Lab 3: Writing Regular Expressions

Due Date: February 16

Objectives

  • Teach students to write regular expressions
  • Practice creating classes in Ruby
  • Review using irb in development

README.md

Important!

In order to be able to understand all the aspects of the lab, please go through the regex tutorial available at:
https://www.rubyguides.com/2015/06/ruby-regex/

Also, you can use Rubular, the Ruby online regular expression editor, if needed: https://rubular.com/


  1. We are going to begin by writing a simple program for Ruby to test regular expressions and then modify it several times. To begin, create a new file called regex_tester.rb using your preferred editor/IDE.

  2. Create another file called test_arrays.rb and add to it the arrays listed below.
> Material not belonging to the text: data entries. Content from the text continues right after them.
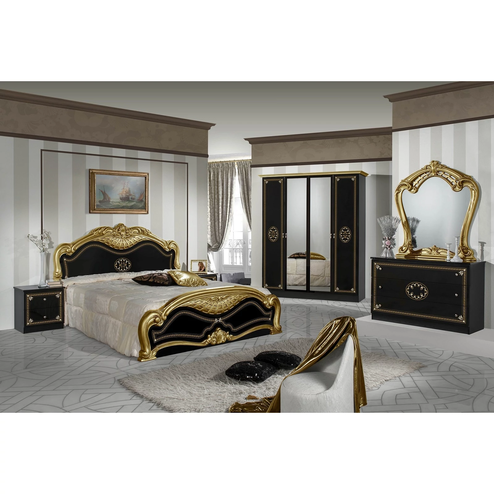 DI-LUC-LET-16-NODouble bedstead - 160 cm, black-goldDI-LUC-CMN-NONight table - black-goldDI-LUC-CMD-NOChest of drawers - black-goldDI-LUC-SPE-ORDecorated mirror - goldDI-LUC-AR6-NO6-doors cabinet, with 2 mirrored doors - black-gold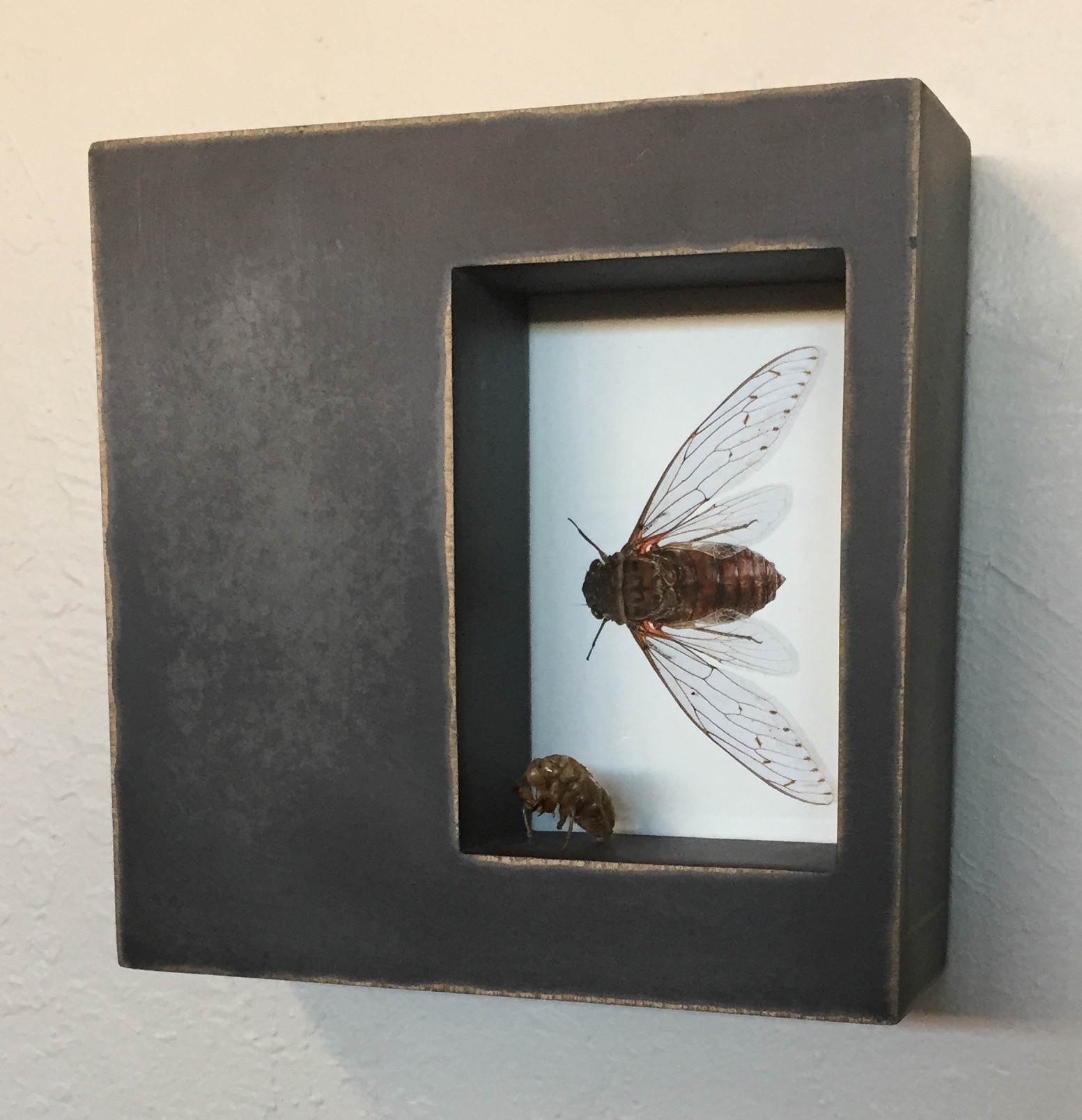 “Shed Your Skin/Spread Your Wings”, Tamara Scronce, cicada [shed exoskelton], archival pigment print, glass, wood, paint, 7″x7″x2″, 2017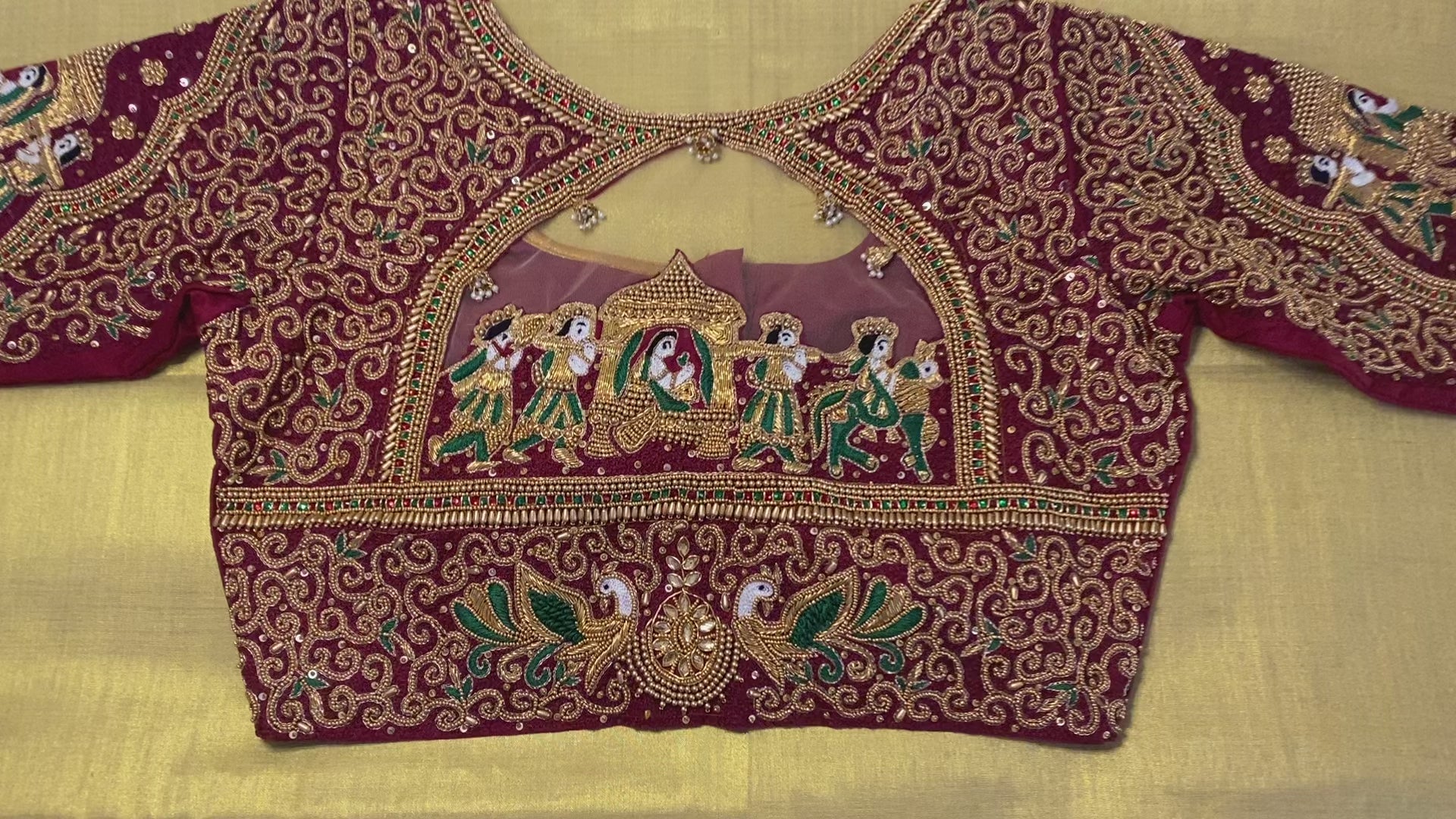 This Doli Bridal blouse is perfect for making a statement on your special day. It is perfect for pairing with your sarees /lehengas. Expertly crafted with Maggam|Aari work, this blouse adds a touch of traditional elegance to your Indian ensemble.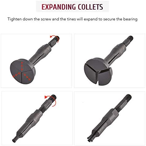 3.WIDE APPLICATION: This internal bearing puller set’s expandable collets and threaded screw adapters remove tight and jammed axles, bearings, and bushings on a wide variety of vehicles without damaging the removed parts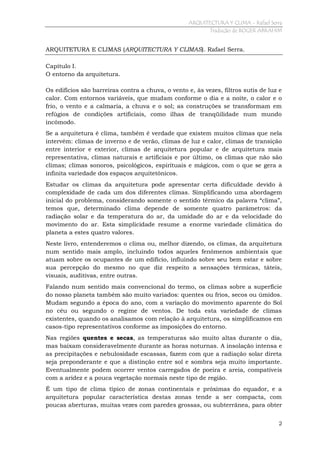 2) É apresentado um resumo dos principais tipos de clima e como a arquitetura é projetada para cada um, incluindo regiões quentes e secas, quentes e úmidas, frias, temperadas e ventosas.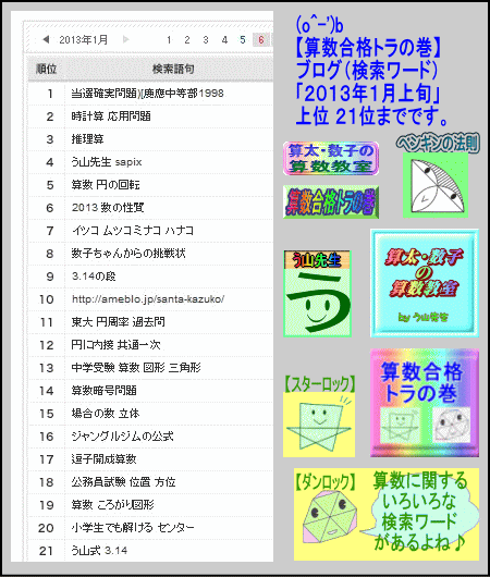 (検索ワード)「2013年1月上旬」上位 21位までです。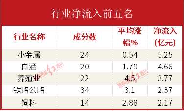 今日機(jī)構(gòu)資金流入小金屬概念5.25億元,白酒概念4.66億元,流入養(yǎng)殖業(yè)板塊3.77億元,流入鐵路公路板塊2.38億元,流入飼料板塊2.17億元。流入最多的板塊僅有5億元左右,說明機(jī)構(gòu)資金的謹(jǐn)慎態(tài)度,未敢全面進(jìn)場(chǎng),只以單打少數(shù)個(gè)股為主。

    # TEST ARRAYS FOR REGEX TESTER
    # ----------------------------
    %w[http://www.google.com apidock.com www.microsoft.com http://www.heimann-family.org http://www.kli.org http://www.acac.net http://www.cmu.edu http://is.hss.cmu.edu www.amazon.co.uk]
    
    %w[1234567890123456 1234-5678-9012-3456 1234\ 5678\ 9012\ 3456 1234567890 #1234567890123456 1234|5678|9012|3456 12345678901234567]
    
    # INITIAL REGEX PATTERN FOR REGEX TESTER
    # --------------------------------------
    pattern = /^(http:\/\/)?www\.\w+\.(com|edu|org)$/
    
  3. If you did not do this earlier, install the cheat gem. (If you are unsure, type gem list and see if it is there. To install, type gem install cheat.) Once this gem is installed, type cheat regex on the command line to get a useful cheat sheet for regular expressions.

  4. In regex_tester.rb, create a new class called RegexTester. This class should have a constructor (initialize) that takes two arguments called pattern and statement. Within this method, add two lines of code that will set the instance variable pattern to the local variable 'pattern' and statement to the local variable 'statement'. Finally, in case no value of pattern was passed when the object was created, we will generate a setter (and a getter) with the simple line: attr_accessor :pattern, :statement.

By the way, have you been using Git to save all code? If not, I suggest you start immediately and commit your code to git on a regular basis.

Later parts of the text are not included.